Monday Jul 19, 2021
KARACHI: The State Bank of Pakistan (SBP) on Monday noted that the economy made an “encouraging recovery” during the outgoing fiscal year (FY) 21 but warned that “certain structural vulnerabilities” continue to require the government’s attention.
The central bank issued the warning in its “Third Quarterly Report on The State of Pakistan’s Economy” for the fiscal year 2020-21 which was issued today.
“While the economy made an encouraging recovery during FY21, certain structural vulnerabilities continue to merit attention,” said the SBP.
To put fix those vulnerabilities the SBP pointed out that four areas required attention.
“First, in the agriculture sector, the secular decline in cotton production needs to be addressed,” said the SBP. It added that to fix this there was a need for the “timely availability of pest-resistant seed varieties”. It also said that further support from agriculture extension departments was required in particular to “promote the adoption of climate-smart farming practices that could enable better outcomes”.
“Second, in the external sector, the widening of the merchandize deficit needs to be contained to a sustainable level. Greater self-sufficiency in agriculture, through adoption of better farming and crop management practices, and maintenance of adequate stocks can reduce the need to import commodities (such as wheat, sugarcane and cotton) to bridge domestic shortfalls or counter temporary price pressures,” said the SBP.
The central bank said to resolve this there was a need to discourage the “import of luxury consumer items” and “greater diversification of exports, in terms of value-added items and destinations” needs to be promoted.

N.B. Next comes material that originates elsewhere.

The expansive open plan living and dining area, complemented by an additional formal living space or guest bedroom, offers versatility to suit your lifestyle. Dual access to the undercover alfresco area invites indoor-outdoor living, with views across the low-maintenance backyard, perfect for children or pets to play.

“Third, efforts are required to mitigate food inflation, triggered largely by supply-side issues in the management of agriculture commodities,” said the SBP.

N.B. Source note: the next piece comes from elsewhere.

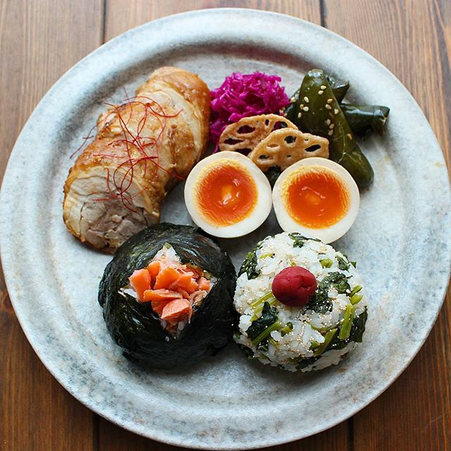 それぞれ違うテイストの手作りおにぎりを乗せて和風プレートにしたレシピです。

It added that this can be achieved if there is “better coordination among federal and provincial food departments, provision of reliable data, vigilant monitoring of stocks and food prices, and timely import of commodities”.
“Fourth, the twin burdens of debt servicing and a narrow revenue base are leaving less fiscal room for public investment,” said the SBP. In response, it urged that there was a need to accelerate “efforts to broaden the tax base, increase documentation in the economy, improve public financial management, restructure loss-making public sector enterprises, and reduce circular debt of the power sector”.
Despite the warning, the report acknowledged that there was growing evidence that the economic recovery gathered further momentum during the third quarter of FY21.
“The turnaround in the industrial sector, particularly large scale manufacturing (LSM), and the services sector, most notably in wholesale and retail trade, played a pivotal role. In the agriculture sector, record output of four out of five important crops – namely wheat, rice, maize and sugarcane – offset the decline in cotton production. Further growth in high frequency demand indicators, such as local cement dispatches, Petroleum Oil and Lubricants (POL) and car sales, consumer financing, sales of Fast Moving Consumer Goods (FMCG), and power generation, reflected the accelerating rebound in economic activity,” said the SBP.
The central bank said that against this backdrop it can forecast that the real GDP growth would be around 3.9% for FY21.
It noted that the favourable outcomes were supported by the pro-active response of policymakers to the COVID-19 pandemic.
“Even as the economy rebounds strongly, stability in key macroeconomic indicators on the fiscal and external side were an additional source of comfort, as the current account and primary balance both remained in surplus during Jul-Mar FY21,” said the SBP.
The report concluded that the “economic momentum is expected to accelerate further during FY22”.
“The optimistic outlook is premised on the expanding vaccine roll-out and relatively unhindered continuation of economic activity despite COVID-19,” said the SBP.
The report noted that the “Temporary Economic Refinance facility”, that provides long term lending for industrialisation, and “policy-led surge in construction and housing, and increased Public Sector Development Programe spending,” may act as key growth drivers in the new fiscal year.